Когда по указанию арестованных в Париже Ландезена стали открыто обвинять в провокации, то от имени многих эмигрантов к Ландезену пришел Серебряков и стал настаивать на том, чтоб он немедленно скрылся. Ландезен протестовал против обвинения в провокации и особенно сильно ругал меня, но, конечно, немедленно же скрылся из Парижа.
Верившие Ландезену и потом еще долго его защищали. В 1903 г., когда я был у Баха в Женеве и в присутствии эмигранта Билита упомянул о Ландезене, то он стал о нем говорить как о добродушном, добром, честном товарище, которого я загубил, обвиняя его, как провокатора. По словам Баха и Билита, Ландезен, чтобы избежать ареста, должен был уехать в Южную Америку — Чили или в Аргентину, где спустя некоторое время он и умер. Они смеялись над тем, что я все еще — даже в 1903 г. — могу считать его провокатором, и находили это какой-то нелепостью, не требующей даже опровержения.
Только впоследствии вполне выяснилась история с Ландезеном.
В 1882-83 гг. Ландезен, совсем молодым, когда он еще назывался Геккельманом, был заагентурен Судейкиным и по его указаниям занялся провокацией среди народовольцев.
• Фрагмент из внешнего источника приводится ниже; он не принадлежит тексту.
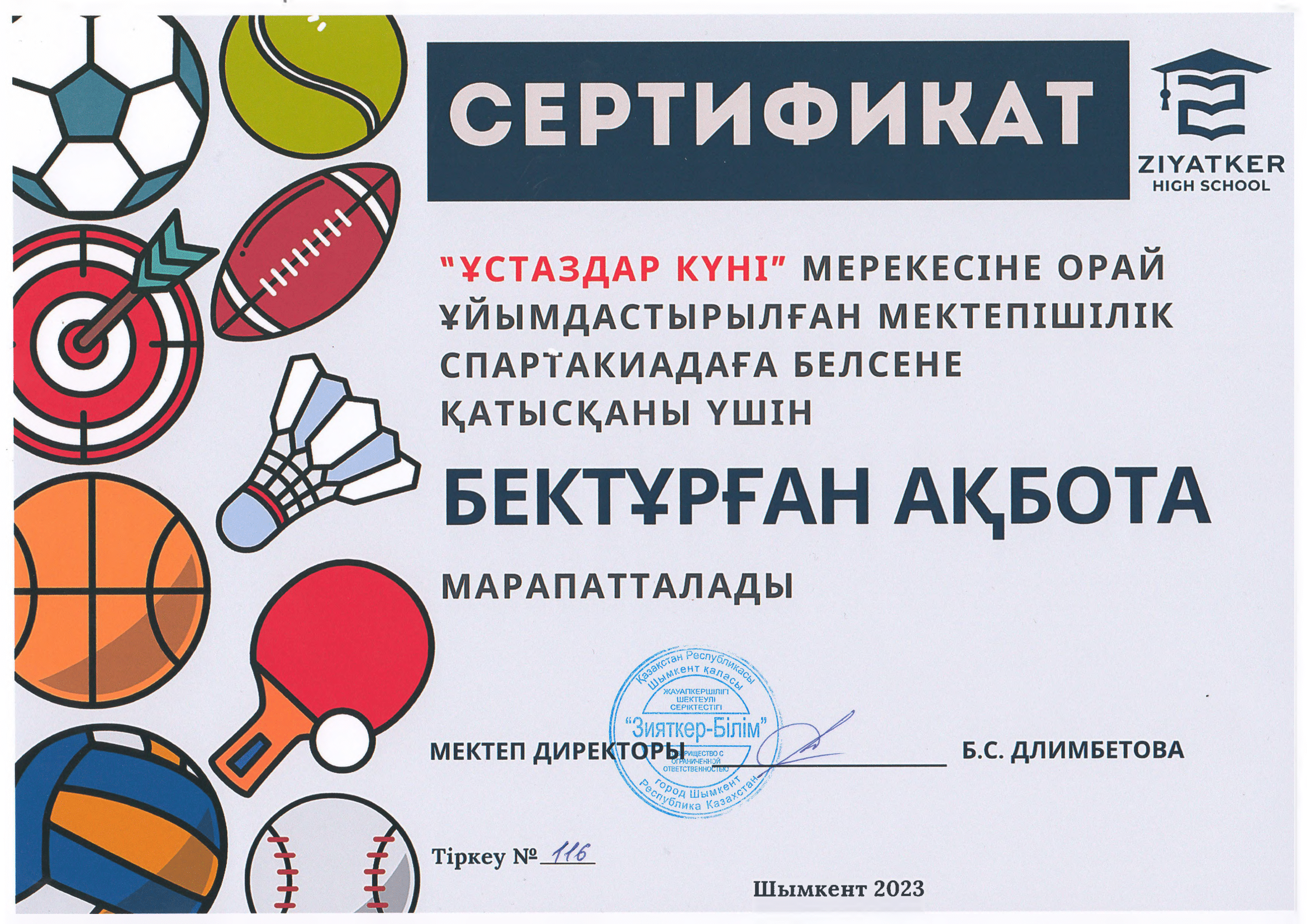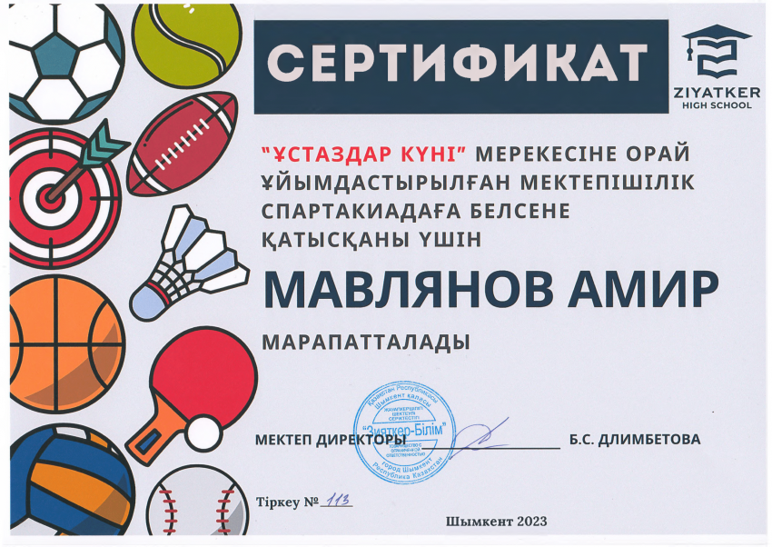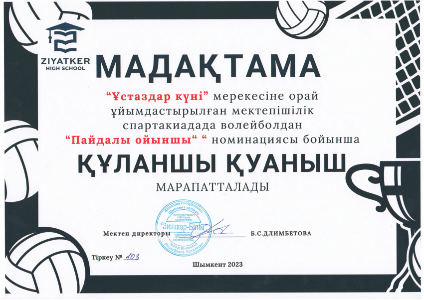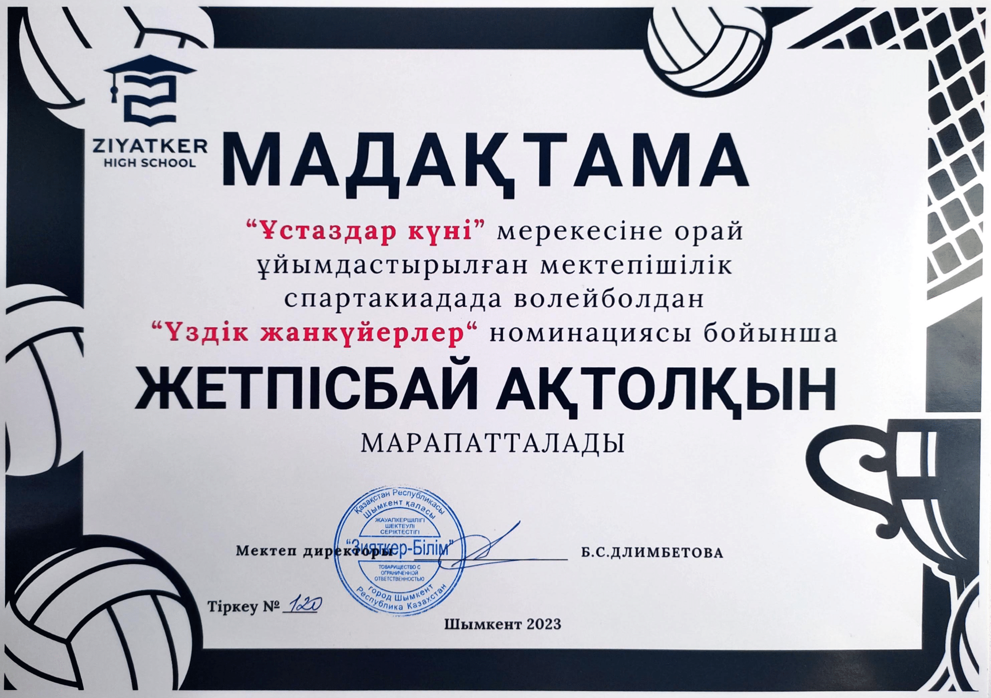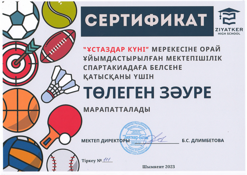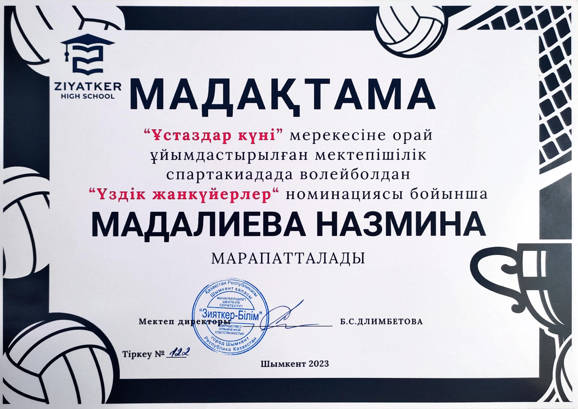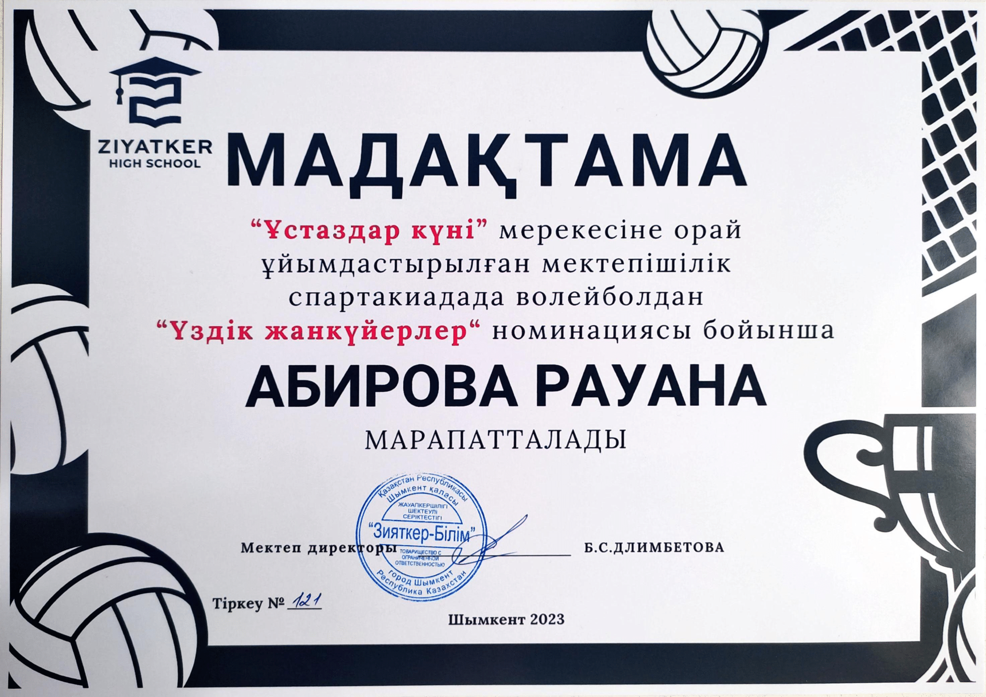 "Ұстаздар күні" мерекесіне орай ұйымдастырылған мектепішілік спартакиада мадақтамалары

При участии Ландезена Якубович и его товарищи поставили тайную типографию в Дерите и стали печатать орган партии «Молодой Народной Воли».
После присоединения группы Якубовича к организации Народной Воли, старые народовольцы (Лопатин, Салова и др.) в дерптской типографии печатали второе издание 10-го номера «Народной Воли» О связи Геккельмана Ландезена с Судейкиным случайно узнал Дегаев и об этом сообщил в своей покаянной исповеди парижским народовольцам. Выписки из его исповеди, касающиеся Ч. и Геккельмана, я и получил от Садовой в 1884 г. и передал Якубовичу, но ни он, ни его товарищи не поверили этим обвинениям. При помощи Ландезена они закончили в Дерите издание 10-го номера «Народной Воли» Они защищали Геккельмана именно потому, что он им помогал в таком ответственном деле, как издание «Народной Воли». Они полагали, что, если бы жандармы через Геккельмана знали о дерптской типографии, то они арестовали бы ее. Народовольцы тогда не подозревали, как далеко могут идти в своей провокации жандармы с их Судейкиными, а Судейкин тогда едва ли мог подозревать, что его приемники, идя по его дорожке, дойдут до Азефа[29]!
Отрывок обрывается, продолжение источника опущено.